Here's a Greek pita recipe adapted from Vefa's Kitchen:

Greek Pita

2.5 cups bread flour
1/2 cup whole wheat flour
1.5 tsp salt
3/4 cup warm water (more if required)
2 tsp yeast
2 Tbs sugar
2 Tbs Greek olive oil, plus lots more for cooking
1 heaping Tbs full-fat Greek yogurt

Mix the yeast and sugar into the warm water, and let the yeast proof.

Mix the two flours and the salt in a large mixing bowl. Make a well, and mix in the yeasty water, the yogurt and the olive oil. Beat together until it lumps up, then knead in the bowl until it forms a ball. Add water as needed; the dough should be fairly sticky (this is a high-hydration dough).

Once you can form a large ball, coat it in olive oil, cover, and let rise in a warm place for 1 hour, or until at least doubled in size.

Turn the dough out onto a large breadboard or mat, and divide into 8 equal portions. Form each portion into a ball (using the pinch method), and press flat.

Roll each ball out into a 6" to 8" circle with a French rolling pin; the dough should be around 1/4" thick. Dock the circles with a fork or docking wheel, and dust with corn flour on both sides.
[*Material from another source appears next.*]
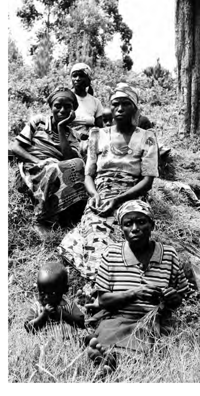
Above: Batwa women in Uganda.

With limited avenues for legal redress, Ugandan minority and indigenous communities have adopted other avenues of recourse. Batwa communities in Uganda have created drama programmes that highlight common stereotypes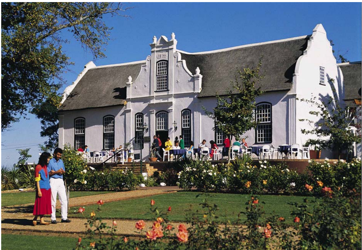
Traditional Cape Dutch Architecture

Set aside on baking trays, cover with plastic, and let rise for another 1/2 hour, until puffy.

Heat a pan or griddle to around 375F. Coat liberally with olive oil, and fry the breads around 3 minutes per side, until browned in spots and quite puffy.

If not eating immediately, bag the breads before they cool completely to keep them from drying out.

Based on a recipe from Vefa's Kitchen.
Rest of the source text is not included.